[MERGE] Add simple Storage object

Tue Jan 29 06:11:24 GMT 2008

On Mon, 2008-01-28 at 23:37 -0500, Aaron Bentley wrote:
> -----BEGIN PGP SIGNED MESSAGE-----
> Hash: SHA1
> 
> Robert Collins wrote:
> > I don't see a functional difference between just making everything in
> > the base Repository be defined in the primitives you mention, and what
> > you present.
> 
> I agree there's no functional difference between those two options.  I
> want to structure it this way because I think it has benefits for people
> developing the code
> 
> 1. It is very clear what a Storage object must implement.  It would not
> be nearly so clear what a Repository derivative must implement.

Well, using NotImplementedError & our repository interface tests, I have
to disagree with you about the difference in clarity here.

> 2. By grouping new, shiny methods (e.g. get_parent_map) together away
> from old, unloved methods (e.g. get_ancestry), it clarifies why there is
> overlap between methods-- that one set of methods is the public API and
> one set is the implementation API.

There is overlap because one method is old, with warnings about
scalability, and one is newer, and we're still evolving to get the right
balance (networks are hard, hmmm).

> 3. The implementation API is not a very friendly one, so it does not
> make sense to expose it on Repository.

The implementation API could be a set of _ methods.

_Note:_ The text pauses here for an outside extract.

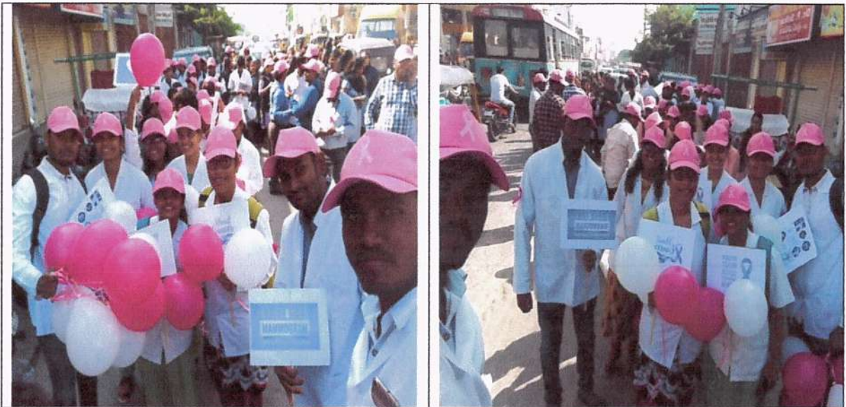
Breast Cancer Awareness Rally on the occasion of World Cancer Day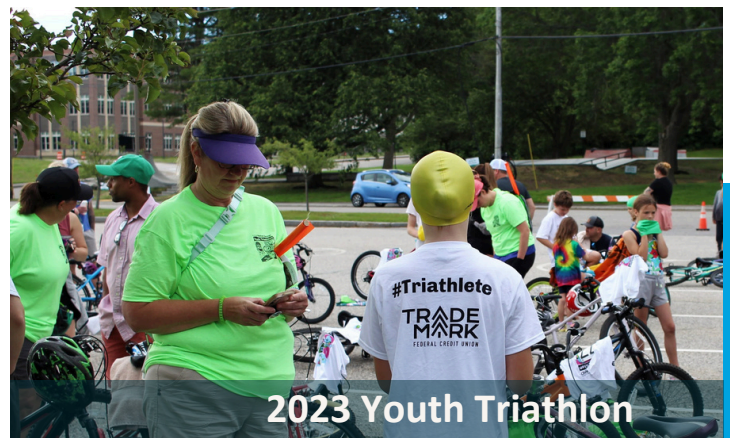
2023 Youth Triathlon

> 4. The methods on Storage objects are public, but this does not require
> all repositories to implement such public methods.

Same as for 3.

> 5. It creates a boundary between core and non-core functionality.  This
> should encourage people to add methods to Repository and not Storage.
> This will reduce the growth of the Storage interface.

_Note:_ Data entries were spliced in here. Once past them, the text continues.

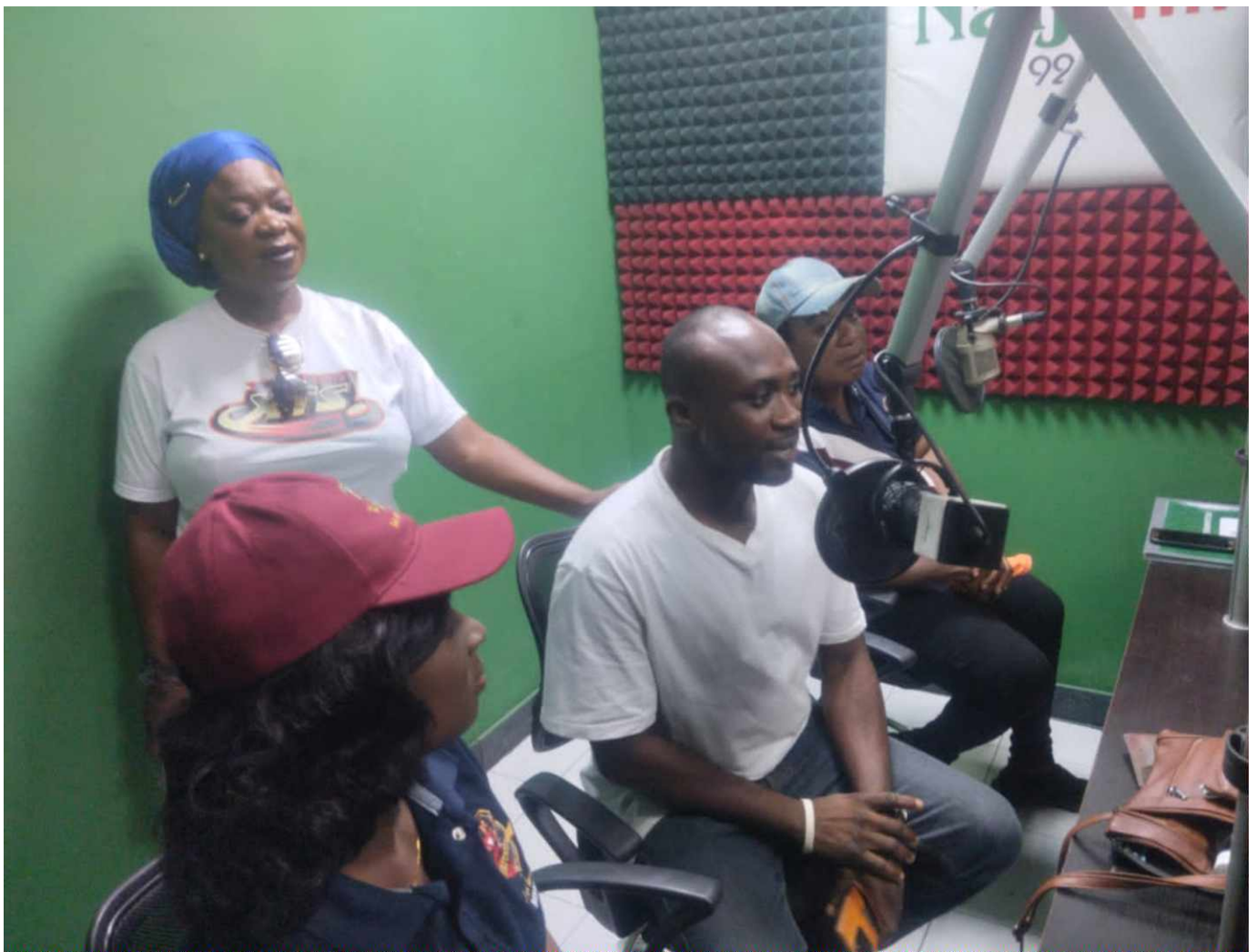
Radio program by ISSUP Rivers state branch

ISSUP Rivers state's recent activities highlight their commitment to substance abuse prevention and the promotion of rehabilitation. Their collaboration with rehabilitation centres, government agencies, and media outlets underscores the multi-faceted approach required to effectively tackle drug abuse. By investing in prevention and promoting greater awareness, ISSUP Rivers state continues to work towards a future where individuals and communities are empowered to overcome the challenges of substance use and build healthier, drug-free lives.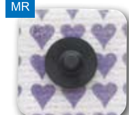
Softface® Small RTL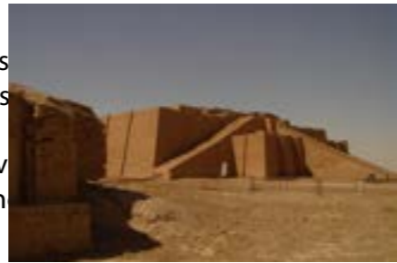
The ziggurat at Ur built around 2100BC. The ziggurat is the most distinctive architectural invention of the Ancient Near East.

Sometime around 3000BC, on the flood plain of the Tigris and Euphrates rivers, Ancient Sumerian culture began to thrive. The area, also known as Mesopotamia (meaning 'between two rivers in Greek) made it a good place to settle. Farming the land with fertile, silt-laden water from the rivers made it possible for cities to flourish. There were several city-states by the third millennium BC; Eridu, Ur, Nippur, Lagash and Kish, but one of the oldest and biggest was Uruk. Around 2800BC it was, perhaps, the largest city in the world, home to as many as 80,000 people. Most cities were walled with a tall ziggurat - a series of high platforms topped by a temple.

This is an interesting point; I wonder about performance implications.

> 6. Pack repositories have 81 public methods by my count (see below).
> This is large and intimidating, and it does not include
> Repository.weave_store or VersionedFile, both of which are arguably part
> of the Repository interface.  Adding even more methods would not be nice.

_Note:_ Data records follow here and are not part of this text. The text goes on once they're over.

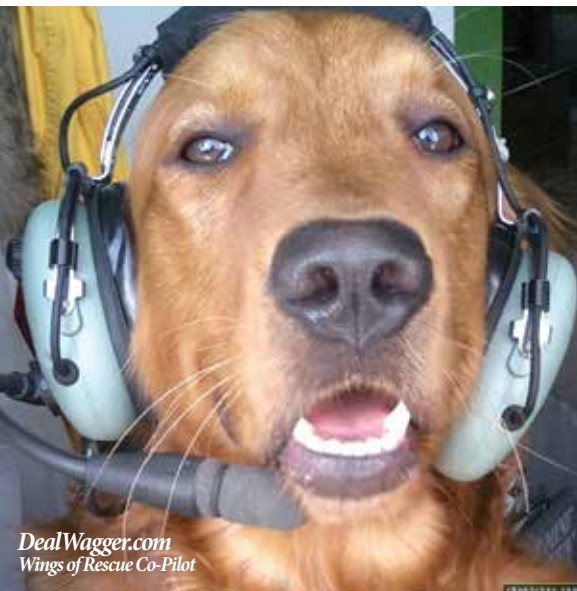
DealWagger.com Wings of Rescue Co-Pilot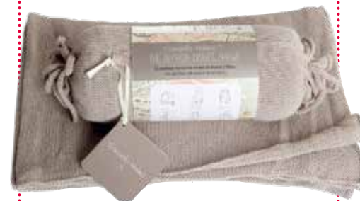
For exploring in style. Alpaca travel shawl/pillow , £120, samanthaholmes.com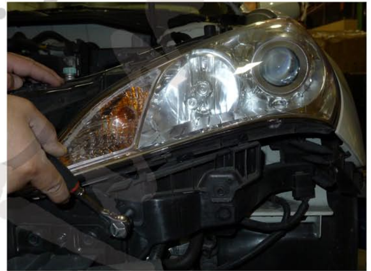
8. Remove the (2) 10mm bolts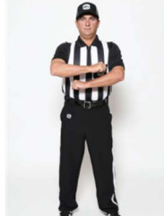
ILLEGAL PROCEDURE hands rotating in forward motion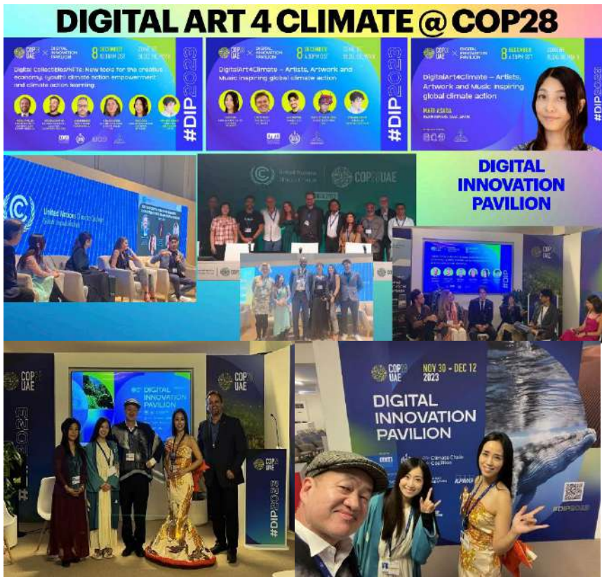
COP28@Dubai, United Arab Emirates

KnitPackRepository implements 22 methods however; which is pretty small
and minimal.

> 7. Smaller interfaces are easier to test, and therefore easier to test
> thoroughly.

This point I completely agree with.

I have a serious concern about adding Storage in the way you are doing
so, which is about getting the benefits of your point 7. My concern is
that having
Repository
 |
StorageRepository->Storage

we will still be allowing people to vary Repository in anyway they want
- its the current public subclassable interface, and the factory logic
for disk formats creates RepositoryFormat and Repository instances.
Secondly we have many different implementations of much of Repository,
*because* different storage idioms required different tradeoffs, and we
should consolidate that before we replace the varied implementations
with a common one (because the consolidation will give us the interface
we need, if not yet on a separate class).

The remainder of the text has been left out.